The other day I was at the park, and I met some parents with two lovely children. We chatted until I needed to go, and I left feeling as though I'd connected to people in my parent's neighborhood.
I walked home and felt a little sad that this never happens to me.
Okay, well, it's a few times--so I could count on one hand. In nearly eighteen months.
Are people just less sociable than they used to be? I've been to parks several times and tried to strike up conversations with parents of kids roughly the same age as mine. Only to have it sort of fizzle. Once, I said, "Hi, I'm Heather," only to have the people look at me, then look away without responding in kind.
It's made me a little worried about underarm odor or unsightly body hair. Am I that scary?

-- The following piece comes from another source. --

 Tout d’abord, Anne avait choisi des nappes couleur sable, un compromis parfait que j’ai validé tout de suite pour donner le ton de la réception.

Granted, it could be me: I'm not the most socially adept person I know. I'm that person that on the airplane makes polite conversation while really sneaking longing glances at my paperback. I get flustered when people talk to me on public transportation. That sort of thing.
But somehow, the park seems different to me. Like, well, our children might actually want to play together at some point--and it's terribly lonely being a parent sometimes. Especially a mom during the day. Wouldn't it be good to know your neighbors? What's with people who won't even introduce themselves, or who act as though I'm stalking their children when I ask their name?

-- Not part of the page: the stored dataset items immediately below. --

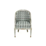 Dos ceinturé de forme ovale, pieds en bois tourné sur roulettes ornés de bronze, garnissage à coussin. Métrage pour un tissu uni en 140 cm de large : 5 m.
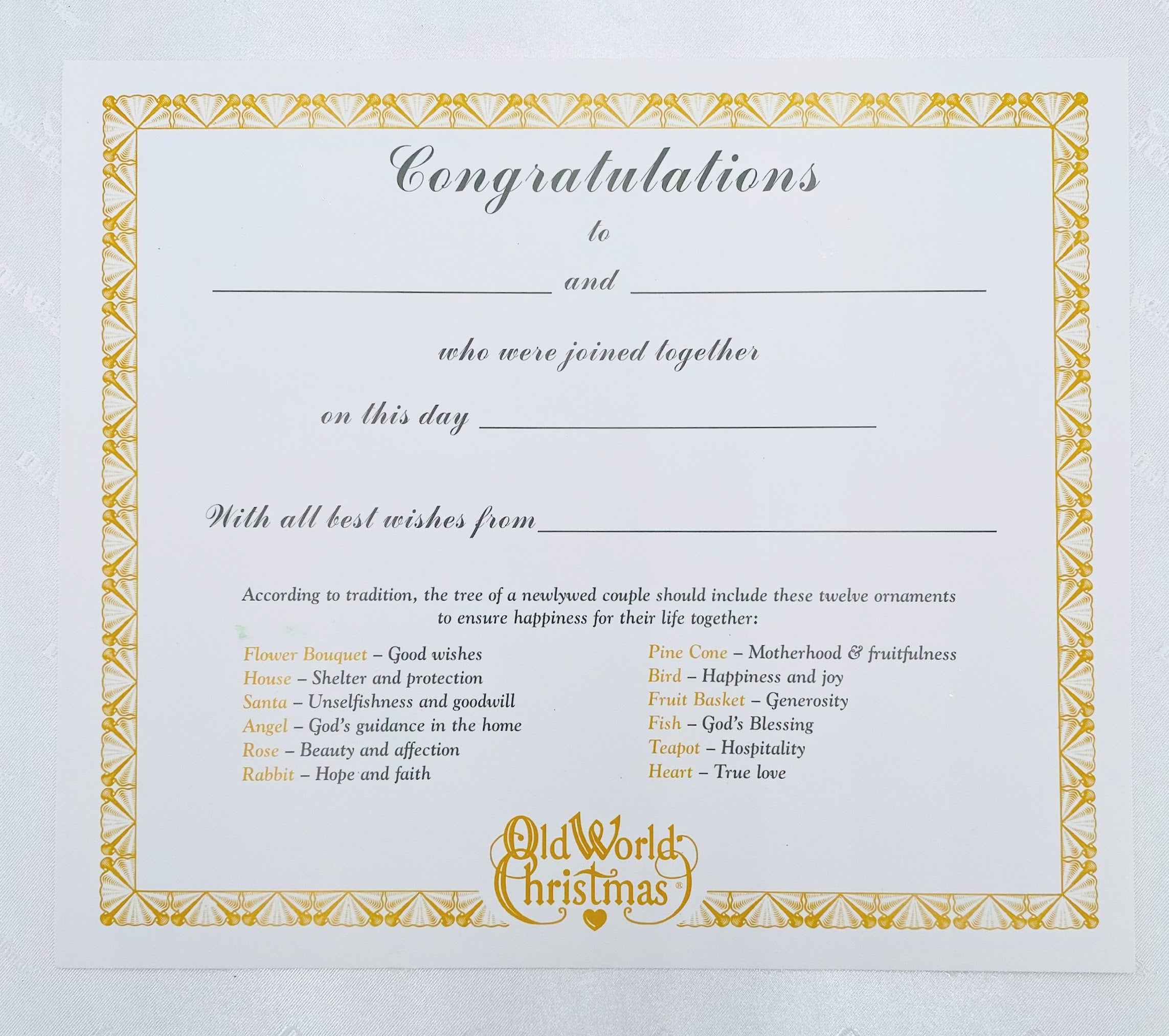 According to tradition, the newlywed couple’s Christmas tree should include the following 12 ornaments to ensure a happy life together:
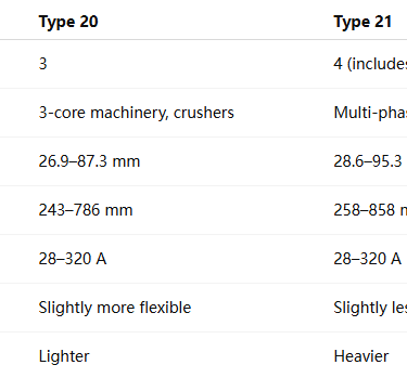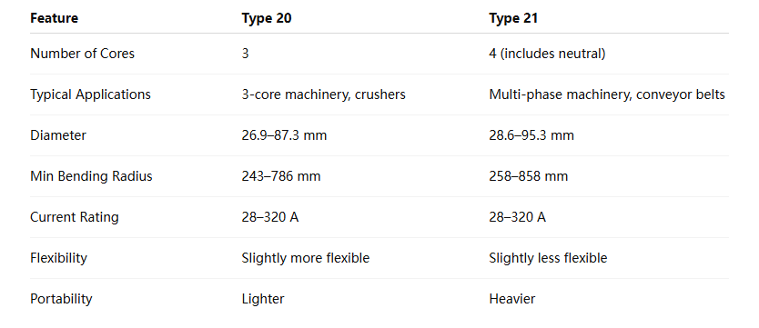 For a new underground copper mine, where machinery requires a neutral for balanced load, Type 21 is preferred. Type 20 is ideal for simpler 3-core equipment.
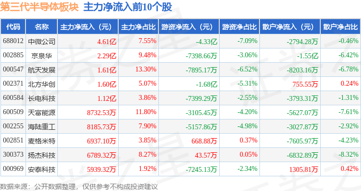 从资金流向上来看,当日第三代半导体板块主力资金净流出45.29亿元,游资资金净流入6.38亿元,散户资金净流入38.91亿元。第三代半导体板块个股资金流向见下表:

I had one other really nice conversation with someone that actually lived in my neighborhood about three months ago. Nice lady--son about my age. Her name was Amy, and she lived in my development (which is very noticeably not full of children). But I haven't seen her since. I have a feeling that I'll never see the lovely couple I met yesterday again either--after all, I'll be leaving my parent's neighborhood soon.
It's made me sad, how fragmented and isolated our communities are. How frightened people seem of eachother--even in periods of our lives where we desperately need to know people within walking (or toddling) distance.
Sad enough that I might have to do something about that halitosis. Anyone have some Tic Tacs?
2 comments:
I just read your article in BrainChild - and really enjoyed it! I never tried EC - but I love hearing about it!
And as far as meeting people you connect with - I've met two in the last ten years. There's other folks I'm friends with - but real connections are rare.
And therefore infinitely precious.
Enjoy!
I'm so with you, Heather. Thus, WMU is a savior for me. I often wonder if it's our area. If I still lived in Madison, Wisconsin (where I was for two years of g-school), would it be easier? I've found San Diego the hardest place I've ever lived to make friends. Is it stage of life, or San Diego? Or do I need Tic Tacs, too?